Jewitt, C., Price, S., and Xambó, A.(2016) Conceptualising and researching the body in digital contexts: towards new methodological conversations across the arts and social sciences, Qualitative Research (online first)
The turn to the body in social sciences has intensified the gaze of qualitative research on bodily matters and embodied relations and made the body a significant object of reflection, bringing new focus on and debates around the direction of methodological advances. This article contributes to these debates in three ways: 1) we explore the potential synergies across the social sciences and arts to inform the conceptualization of the body in digital contexts; 2) we point to ways qualitative research can engage with ideas from the arts towards more inclusive methods; and 3) we offer three themes with which to interrogate and re-imagine the body: its fragmenting and zoning, its sensory and material qualities, and its boundaries. We draw on the findings of an ethnographic study of the research ecologies of six research groups in the arts and social sciences concerned with the body in digital contexts to discuss the synergetic potential of these themes and how they could be mobilized for qualitative research on the body in digital contexts. We conclude that engaging with the arts brings potential to reinvigorate and extend the methodological repertoire of qualitative social science in ways that are pertinent to the current re-thinking of the body, its materiality and boundaries.
Key words: arts-methods; body; digital; embodiment; interdisciplinary; methods; post-humanism; post-methods
Access paper: http://qrj.sagepub.com/content/early/2016/07/19/1468794116656036.abstract
Jewitt, C., Xambó, A., and Price, S. (2016) Exploring methodological innovation in the social sciences: the body in digital environments and the arts, International Journal of Social Research Methodology
Abstract
In this paper we examine methodological innovation in the social sciences through a focus on researching the body in digital environments. There are two strands to our argument as to why this is a useful site to explore methodological innovation in the social sciences. First, researching the body in digital environments places new methodological demands on social science. Second, as an area of interest at the intersection of the social sciences and the arts, it provides a focus for exploring how social science innovation can be informed by engagement with the arts, in this instance how the arts work with the body in digital environments and take up social science ideas in novel ways. We argue that social science engagement with the arts and the relatively unmapped terrain of the body in digital environments has the potential to open up spaces for innovative social science questions and methods: spaces, questions and methods that have potential for more general social science methodological innovation. We draw on the findings of the Methodological Innovation in Digital Arts and Social Sciences (MIDAS) project a multi-site ethnography of the research ecologies of the social sciences and the arts related to the body in digital environments. We propose a continuum of methodological innovation that attends to how methods are moved across research contexts and disciplines, in this instance the social sciences and the digital arts. We illustrate and discuss the innovative potential of expanding and re–situating methods across the social sciences and the arts, the transfer of methods and concepts across disciplinary borders and the interdisciplinary generation of new methods. We discuss the catalysts and challenges for social science methodological innovation in relation to the digital and the arts, with attention to how the social sciences might engage with the arts towards innovative research.

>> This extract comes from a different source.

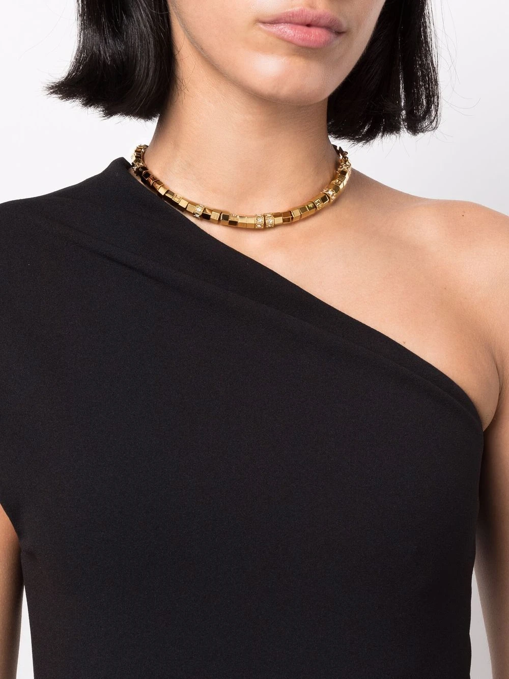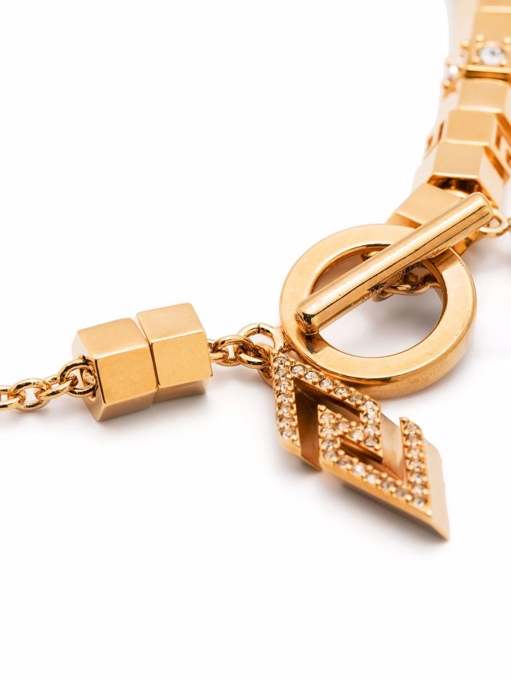 Détail Greca signature, motif Medusa, motif Medusa, logo doré, ornement en strass, fermoir en T. Matière : métal.

Xambó, A., Jewitt, C. and Price, S. (2014) Towards an integrated methodological framework for understanding embodiment in HCI. In Proceedings of the SIGCHI Conference on Human Factors in Computer Systems. ACM.
Abstract: The third wave in HCI reveals how embodiment matters in post-WIMP computing systems. Yet it is still unclear what methods provide effective insight into the nature of embodiment in HCI in relation to both design and use. This paper presents work in progress on MIDAS, a cross-disciplinary methodological research project on embodiment and technology exploring synergies across the fields of Digital Arts and Social Sciences. We argue that exploiting these synergies can contribute towards an integrated, innovative and progressive framework for understanding digital body interactions. We introduce the 5 ongoing case studies that inform MIDAS, outline the project’s use of multimodal ethnography, and discuss two emerging themes: ‘conceptualising the body’ and ‘the sensory’, which will contribute to a methodological framework for informing future design, analysis and evaluation of HCI systems.